Organophosphorus flame retardants
The appearing toxicity and persistence of the brominated flame retardants (BFRs), such as the polybrominated diphenylethers (PBDEs), led to the ban or restriction of their use. The continuous need for ways to decrease flammability of products resulted in increased use of alternative flame retardants, such as organophosphorus flame retardants (OPFRs). OPFRs are additive flame retardants, meaning that they are not chemically bonded to treated materials and can leave the products. The common feature of the OPFRs is the organophosphorus entity with three substitutions attached to it, often but not always, with the same structure (Figure 1).
Figure 1. Structures of the chemicals analyzed in the dust samples
OPFRs are also used as plasticizers and stabilizers in various products, such as building materials, electronics and furnishing materials. Given that OPFRs are incorporated in such a variety of materials and products, sampling of dust provide a good matrix to assess the overall exposure of OPFRs in the indoor environment.
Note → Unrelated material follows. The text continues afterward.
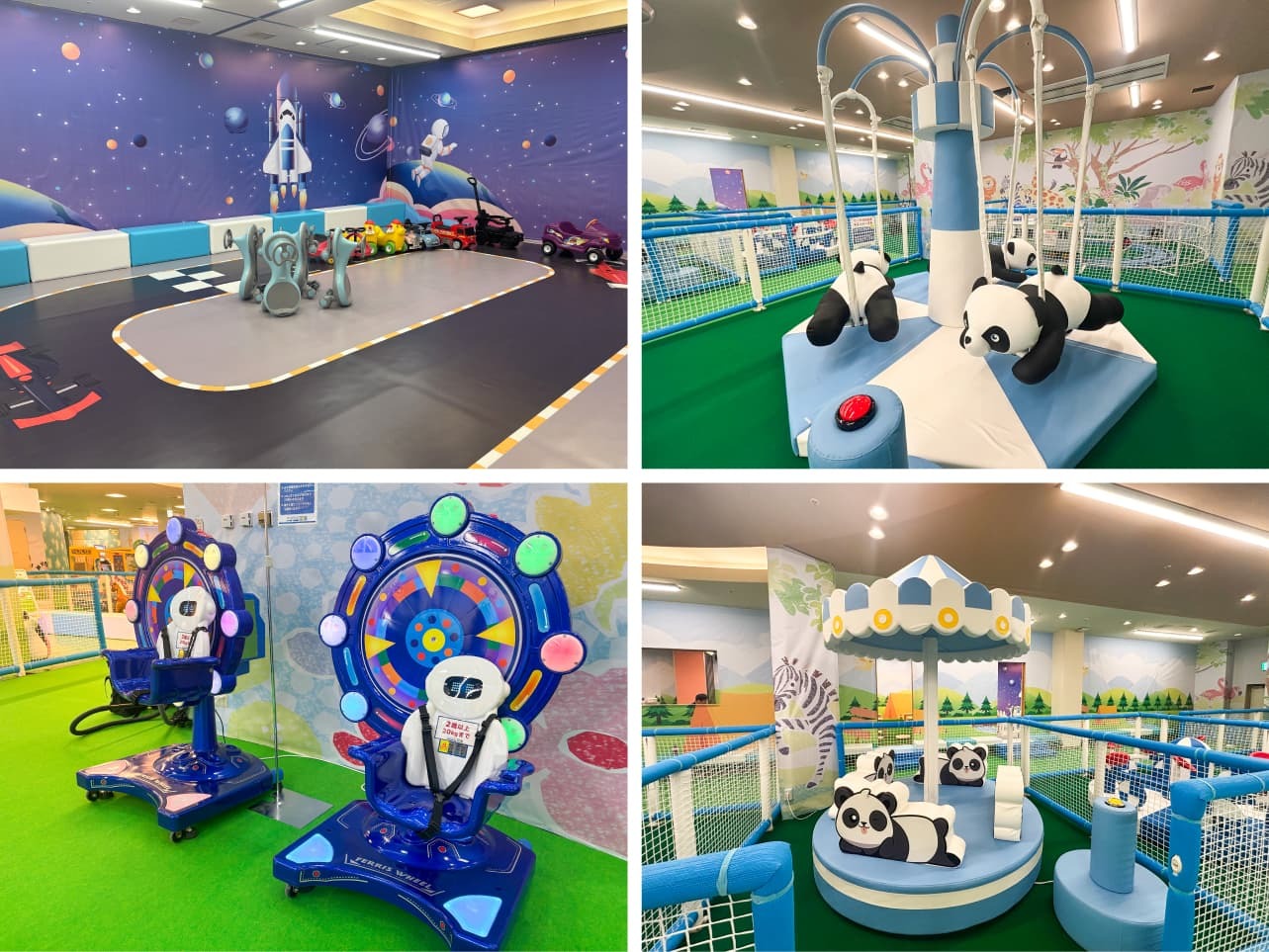 ドライブを楽しめるカートコーナーや、パンダメリーゴーラウンドなど楽しい乗りものが大集結!

The total concentration of OPFRs ranged from 11 to 32 µg/g dust in the individual houses (Dahlberg and Weiss 2016). The composition of individual OPFR differed between samples and is likely reflecting the different building materials, furniture and consumer products present in the represented homes. TBOEP and TCIPP were found in highest concentrations (20 and 19 µg/g dust, respectively). TBOEP is used in floor polishes and as a plasticizer in rubber and plastics whereas TCIPP is used in rigid and flexible polyurethane foams used in for example furniture upholstery.
Figure 2. The individual OPFRs analysed in dust from the living rooms of the 17 households participating in the project. Home 6 was sampled twice, with one year in between. Home 12, 14 and 16 contained pooled dust from the living room and adults bedroom.
The OPFRs was not analyzed in the cat serum, although possible. These compounds are rapidly excreted with the urine and urine is very difficult to sample from cats. Recently though, a study successfully analysed and published serum levels of OPFRs in cats, from the Canary Islands for the first time (Henriques-Hernandez et al. 2017). In that study, blood serum from the cat owners were also analyzed and the levels of OPFRs were comparable (sum OPFRs in cats was 910 ng/g fat and humans 880 ng/g fat). In the same samples, the PCBs and PBDEs were also analyzed and the OPFR levels were 200 times higher than the PBDE levels and 2500 times higher than the PCBs levels in serum, reflecting the high concentrations these chemicals are used in our products. That study did not analyze the dust from the participating families homes, so comparisons to this study is difficult to make. One study analysed OPFRs in dust from homes in Belgium and reported average concentration of the sum of OPFRs to be 19 ug/g dust, i.e. very similar to our study (Van den Eede et al. 2011). TBOEP dominated the profile also in that study, with concentrations ranging 0,4-68 µg/g dust.
Another study in the USA studied the possible effect these compounds could have on human health. They analyzed house dust from 50 men recruited through a U.S. infertility clinic for TDCPP and TPP to measure the relationships with reproductive and thyroid hormone levels, as well as semen quality parameters (Meeker and Stapleton 2010). The average TDCPP and TPP levels were 1.9 and 7.8 mg/g dust, respectively, and all up to 1.8 mg/g for TPP in one house dust was measured. That is 1000 times higher than found in European dust. The study showed that increasing levels of TDCPP in dust was associated with a decline in free thyroxine (3%) and an increase in prolactin (17%) in the mens serum. Also, and increase in TPP dust levels was associated with an increase in prolactin (10%) and a decrease in sperm concentration (19%).
It is difficult to draw any solid conclusions regarding the risk with the current exposure to these compounds, despite indications that they might influence a normal body function. What is most unsettling is the prevalence of these compounds in every single household. The profiles show that it is difficult to avoid these chemicals, which are considered as high production volume chemicals (HPVC). HPVC are defined as being produced at levels greater than 1,000 metric tons per producer/importer per year in at least one member country/region (OECD and EU) and undergo a more rigid toxicity testing than lower volume chemicals. EU is currently looking into how to better evaluate the chemicals endocrine disrupting potency, which today is one of the most urgent concerns within risk assessments.
- Dahlberg, A.K. and Weiss, J.M. (2016). Organophosphorus flame retardants in Swedish house dust. Organohalogen Compounds 78: 1174-1177
- Meeker, J.D. and Stapleton, H.M. (2010). House dust concentrations of organophosphate flame retardants in relation to homrone levels and semen quality parameters. Environ. Health Perspect. 118(3): 318-323
- Henríquez-Hernánde et al. (2017). Potential role of Pet cats as a sentinel species for human exposure to Flame retardants. Front. Vet. Sci 4:79
- Van den Eede et al. (2011). Analytical developments and preliminary assessment of human exposure to organophosphate flame retardants from indoor dust. Environ. Int. 37: 454-461.